Home First Finance (HomeFirst), an affordable housing financier (AHF) with AUM of `39 billion and focus on salaried housing loans, has several value propositions that differentiate it from peers in high-growth, high-yielding, hugely untapped AHF segment: 75% customers in EWS/LIC category and 32% being new to credit; technology at its core — right from sourcing to collections; well-trained/educated team to appropriately assess need and right size loans; paperless loan processing with quick TAT of <48 hours; and omni-channel lead generation driving sourcing. Few risks include sourcing as well as collections managed by front-end team; borrowing profile not fully explored yet; apartment home loans showing some stress (in pockets).
With >30% AUM growth, funding cost benefit, improved cost to income and contained credit cost, we expect earnings to compound at >40% over FY21-23E. However due to excessive capitalisation (Tier-1 at 51%), despite 3% plus RoAs, RoEs will be modest at ~12%. Using Gordan Growth model, we arrive at target price of `625 — an upside of >30% from CMP. We initiate coverage on HomeFirst with a ‘buy’ rating.
Appropriately positioned in high- yield, high-growth affordable housing space, HomeFirst has dominant presence in four states that constitute more than 40% of the overall affordable housing market less than 1% market share in most markets, except Gujarat, and contiguous branch expansion approach will deepen its presence in the existing markets and open up growth potential.
Over 75% of its customers belong to EWS/LIG category and ~32% are new to credit customer – not actively served by banks…with technology at its core — right from sourcing to collections, HomeFirst is a technology-driven AHF reflected in Rs 50-75million of software and technology spend every year (almost 7% of opex). It has established technology framework with customised systems and tools, integrated customer relationship management and loan management system, proprietary machine learning customer-scoring models, and centralised data science backed underwriting process.
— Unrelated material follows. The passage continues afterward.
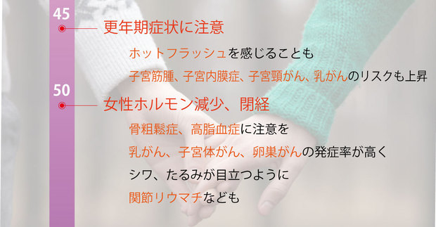 多くの人が閉経を迎える時期です。ここから先の年代は、女性ホルモンが減少していき、骨粗鬆症や高脂血症などになりやすいため注意が必要です。

This expedites scale with speed (quick turnaround time of <48 hours), uniformity in operations, convenience and cost efficiency …and other differentiated value proposition: Training and development of well-educated staff helps HomeFirst achieve superior employee productivity with an average disbursement of Rs 30-45 mn per sales employee. Omni-channel lead generation drives sourcing at effective cost – it utilises diverse range of channels including connectors (~65%), affordable housing developer ecosystem (20%), branch (7%) marketing (5%) etc.
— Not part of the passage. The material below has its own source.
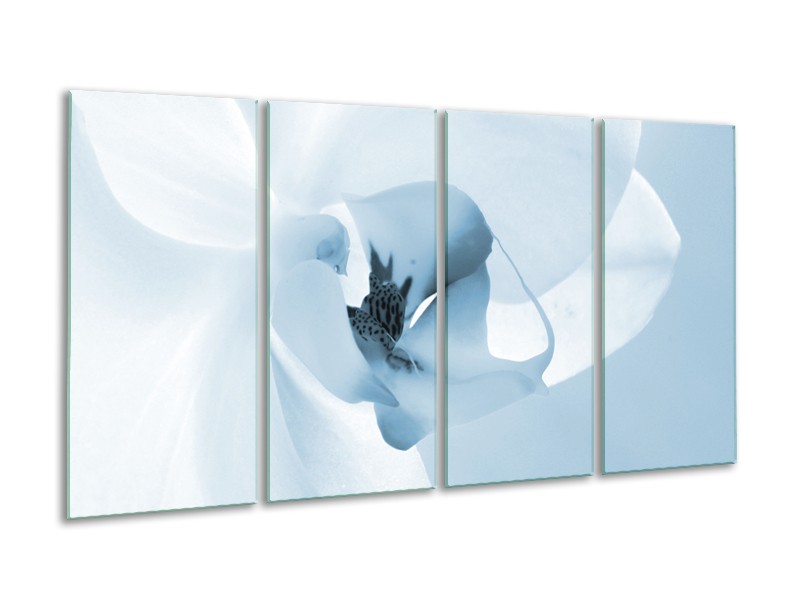 Canvas Schilderij Bloem | Blauw, Wit | 160x80cm 4Luik

Triggers that will enhance its operating performance Upscaling of branches, deeper distribution and technology prowess, will further enhance efficiencies – triggering improvement in opex/AUM to 260bps (from 340bps in FY20); Normalisation of collection efficiency, 1+ DPD, stage-3 print and credit cost (50-60bps) will further strengthen confidence on the underwriting/credit standards of HomeFirst and growth retracement path contrary to perception, yield premium (12.8-13.0%) can sustain on the back of few USPs and value-added services that HomeFirst offers; iv) rising scale, consistency in operating performance, excess capital and liquidity buffer will increase the visibility on rating upgrade and close the gap with peers on borrowing cost (7.7-8.0%).